● **PROVIDED MATERIAL**:
[Start of Attachment]
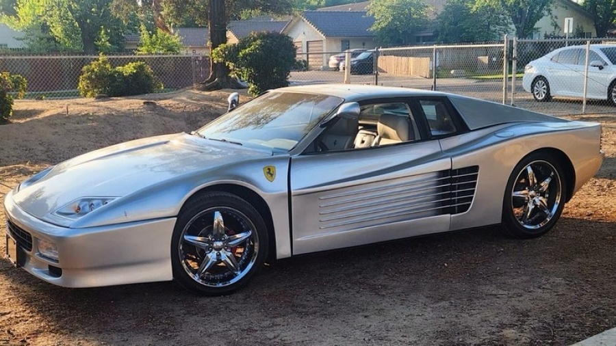 Продавец этого автомобиля называет его «Farrari» — с ошибкой в названии. И это не единственная странность автомобиля. Мы уже сталкивались с подобными репликами Ferrari, но эта версия более вольна в интерпретации дизайна Pininfarina. Одной из самых заметных особенностей является значительный зазор между дверью и передним крылом, вероятно, обусловленный установкой ламбо-дверей. Под капотом установлен двигатель Chevy 350, расположенный поперечно за сиденьями и соединённый с пятиступенчатой механической коробкой передач. Согласно объявлению, трансмиссия была перебрана, а также установлены новый сцепление, радиатор и вентилятор. Внешний вид автомобиля неоднозначен. Помимо странного зазора между дверью и крылом, кузов в целом неплохо имитирует Ferrari и выглядит достаточно аккуратно собранным. Фары выглядят необычно, но, судя по переднему бамперу, этот комплект пытается воспроизвести модель 512TR с фиксированными фарами, а не более раннюю Testarossa с выдвижными фарами. Это также заметно в с
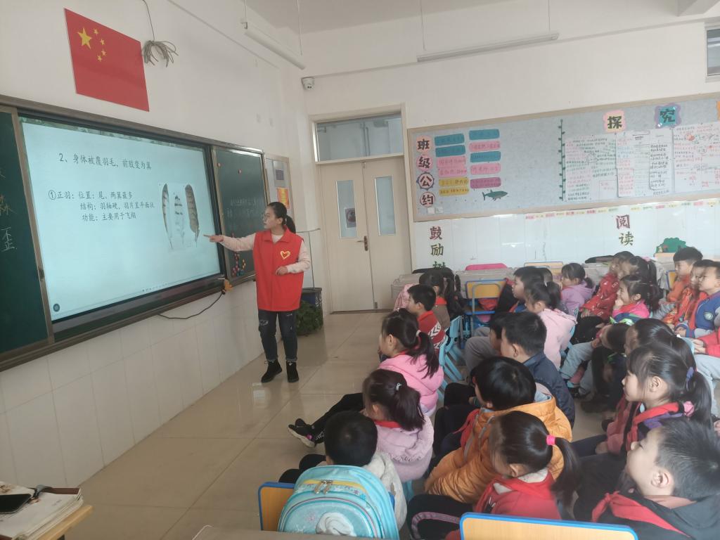 为让小朋友们更好地了解鸟的分类及其生活习性,增强爱鸟护鸟的意识,努力营造“人鸟共家园”的和谐生存氛围,久久久亚洲精品特于2019年12月13日在德州学院附属小学举办“探索鸟类家园,爱护蓝天使者”爱心课堂活动。
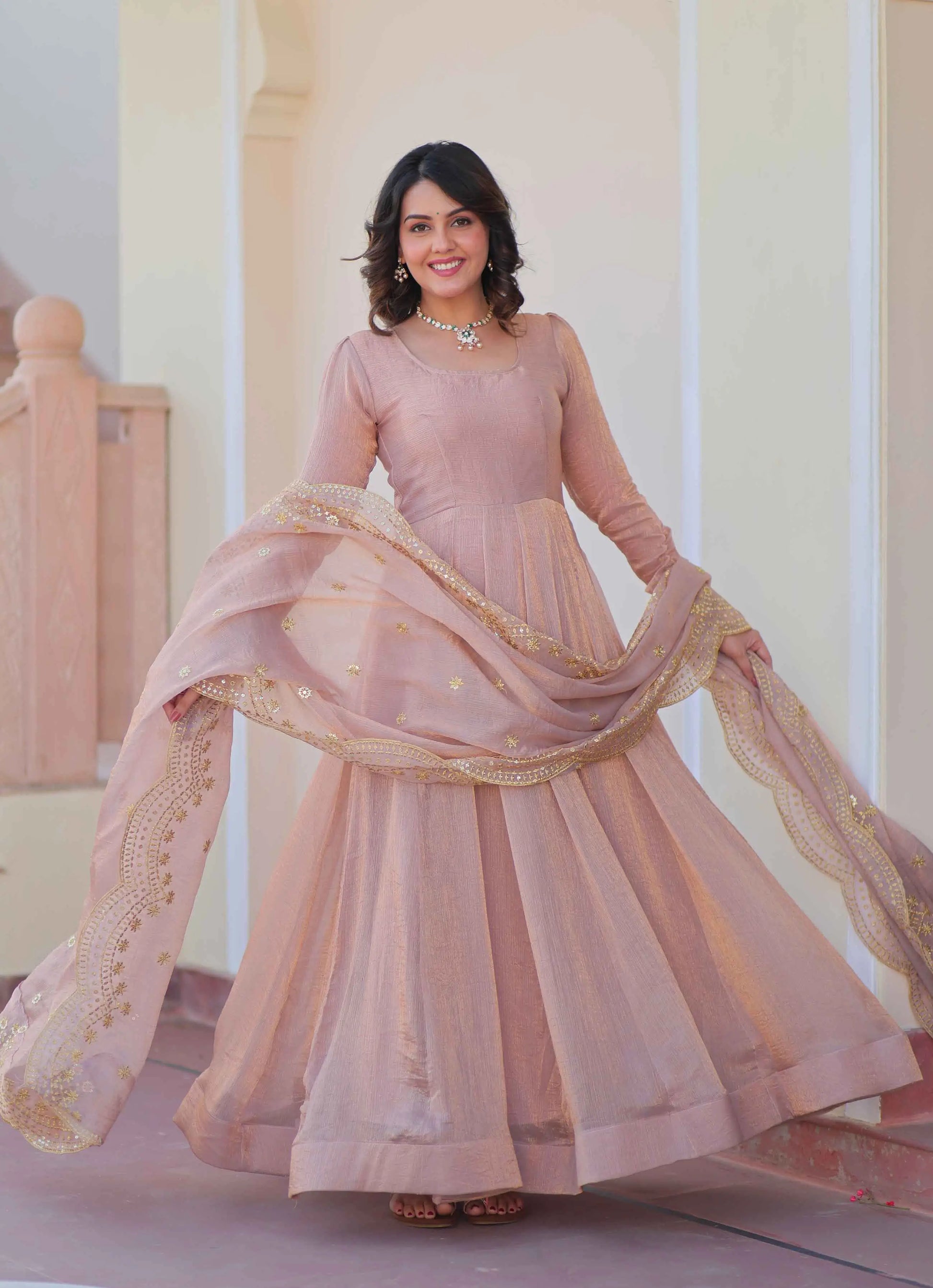 We are thrilled to unveil our latest Gown Collection, Crafted from fendi fabric, each gown offers a luxurious yet comfortable feel. A same fabric dupatta with sequins work add a touch of elegance. Perfect for weddings, festivals, or any special occasion, this collection blends style with ease effortlessly.
[End of Attachment]
Return the listing above unchanged, apart from dropping its pictures.

● **SOLUTION TO THIS PROBLEM**:
 Продавец этого автомобиля называет его «Farrari» — с ошибкой в названии. И это не единственная странность автомобиля. Мы уже сталкивались с подобными репликами Ferrari, но эта версия более вольна в интерпретации дизайна Pininfarina. Одной из самых заметных особенностей является значительный зазор между дверью и передним крылом, вероятно, обусловленный установкой ламбо-дверей. Под капотом установлен двигатель Chevy 350, расположенный поперечно за сиденьями и соединённый с пятиступенчатой механической коробкой передач. Согласно объявлению, трансмиссия была перебрана, а также установлены новый сцепление, радиатор и вентилятор. Внешний вид автомобиля неоднозначен. Помимо странного зазора между дверью и крылом, кузов в целом неплохо имитирует Ferrari и выглядит достаточно аккуратно собранным. Фары выглядят необычно, но, судя по переднему бамперу, этот комплект пытается воспроизвести модель 512TR с фиксированными фарами, а не более раннюю Testarossa с выдвижными фарами. Это также заметно в с
 为让小朋友们更好地了解鸟的分类及其生活习性,增强爱鸟护鸟的意识,努力营造“人鸟共家园”的和谐生存氛围,久久久亚洲精品特于2019年12月13日在德州学院附属小学举办“探索鸟类家园,爱护蓝天使者”爱心课堂活动。
 We are thrilled to unveil our latest Gown Collection, Crafted from fendi fabric, each gown offers a luxurious yet comfortable feel. A same fabric dupatta with sequins work add a touch of elegance. Perfect for weddings, festivals, or any special occasion, this collection blends style with ease effortlessly.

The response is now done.